The primary endpoint of this trial is the correction of anemia, defined as Hgb greater or
equal to 110 g/L at trial post iron infusion (30 days post iron infusion (with measured
hemoglobin levels during delivery and at six weeks postpartum).
The secondary endpoint is the change in quality of life questionnaires from baseline,
post iron infusion, at delivery and 6 weeks postpartum through standard Redcap tools.
Additionally, any adverse event will be documented with appropriate follow up care.
Participant subjective data will also be collected based on tolerance of IV iron,
pregnancy related symptoms and quality of life comparing pre iron infusion, post iron
infusion, at delivery and again at 6 weeks post delivery. Participants will also be
required to answer questions related to convenience of appointment for iron infusion(s),
accessibility to the infusion appointments and post birth bonding with baby.
Analysis will be performed after data collection is complete using the latest version of
RStudio. Qualitative variables will be expressed as counts, percentages, quantitative
variables as mean +/- standard deviation or median (interquartile range [IQR] depending
on the variable distribution. Comparison of continuous variables will be performed using
the two sided Student's t test or Mann Whitney U test (where appropriate), and the chi
squared test or Fisher's exact test (where appropriate) to compare category variables.
The Kaplan Meier method will be used for the graphical assessment of time related events.
Analysis of the primary efficacy and safety endpoints will be by intention to treat.
Participants who withdraw either due to medical condition or expressed withdrawal will be
set as censored. No data relating to the withdrawal will be utilized in the data
analysis. The proportion of endpoints will be analyzed using logistic regression.
Continuous secondary endpoints will be analyzed by linear regression. For analyzing
missing data, model based multiple imputations will be used for both primary and
secondary outcomes.
Eligible pregnant women with iron deficiency will be recruited through the Department of
Obstetrics and Gynecology Department, or through health care providers that maintain
obstetrical care privileges at RGH.
Treatments arms will be allocated through a blocked randomization list prepared by an
online tool. Moreover, the randomization will be stratified by Hgb level in increments of
10g/L to pursue equal distribution of the two groups. The sequence list will not be
accessible to the investigators.
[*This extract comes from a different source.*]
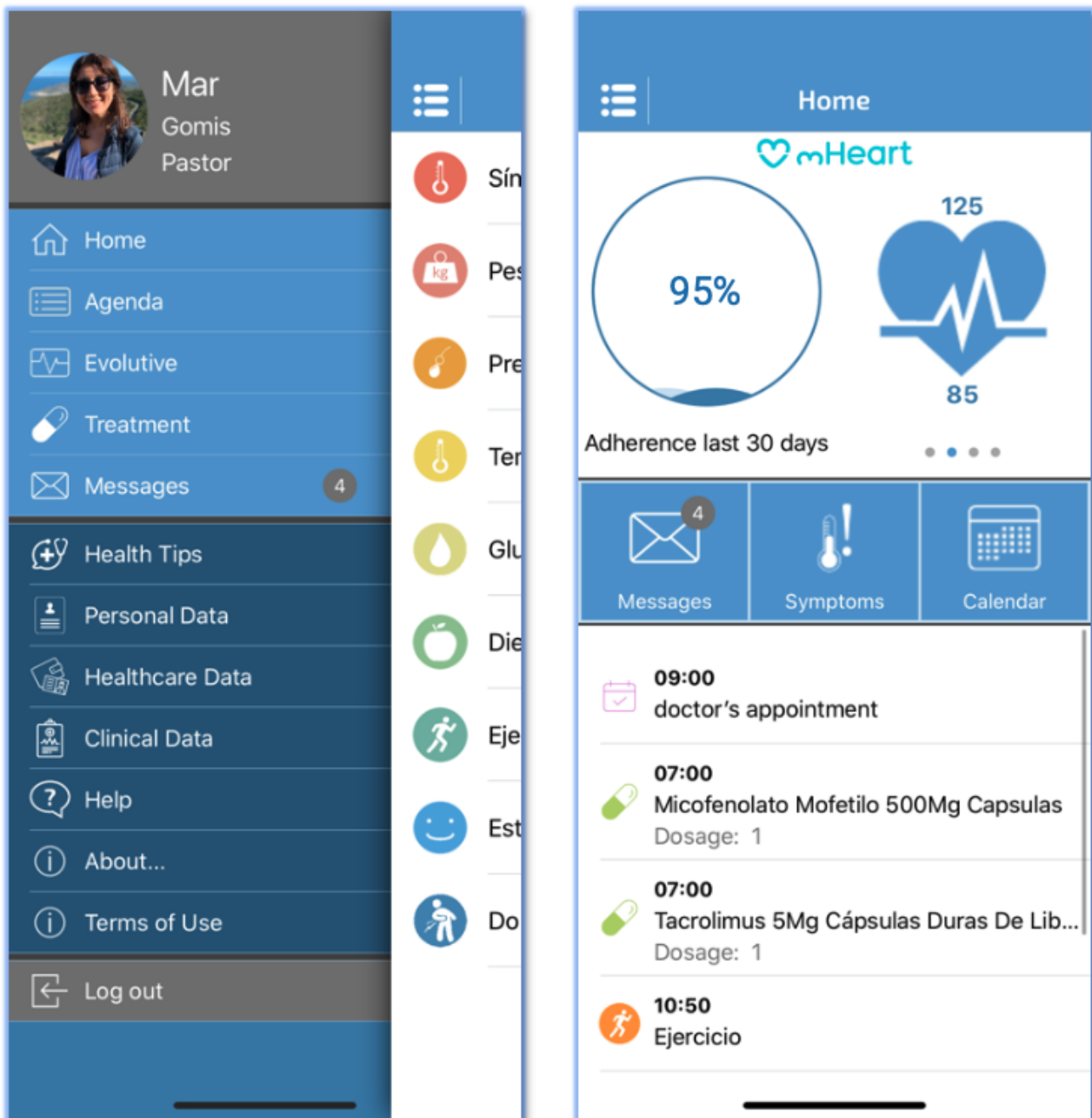
Figure 1. The mHeart system menu, displaying the different app modules: Treatment, Agenda, Self-control, Symptoms, Messaging, Health Education and Advice, Personal and Clinical Data.

Outlining the methodology used, principal findings, and the barriers and facilitators encountered in usual clinical practice could be highly useful for new developers and could be generalizable in other contexts. Therefore, this article may guide other health providers in the implementation of holistic and interdisciplinary internet-based strategies to improve clinical practice.

Participants will be randomly assigned to receive either
IV iron isomaltoside or IV iron sucrose. IV iron sucrose is the comparator because it is
currently the formulation used for IDA during second and third trimester pregnancy in
Regina, Saskatchewan, Canada. Products will be stored as per the product monograph and as
per requirements and guidelines set out by the Saskatchewan Health Authority.
The Saskatchewan Health Authority will ensure that the written agreement to perform trial
related monitoring, audits, Research Ethics Board reviews and regulatory inspections, and
provide direct access to source data and/or documents of this clinical trial, as
required. Data and source documents must be readily available to the Research Ethics
Board, Health Canada, Therapeutic Products Directorate, inspectors, clinical trial team
members, including investigators and/or obstetrical care providers for the purposes of
compliance with regulatory requirements of the clinical protocol and purposes relating to
treatment, care and follow up of adverse drug reactions or by means of trace
back/lookback as required. Source data and documentation include patient records whether
hard copy or electronic, blood work, appointment dates and times, test and procedure
results relating to this clinical trial. All source documents must be accessible during
the clinical trial period and after the clinical trial has completed.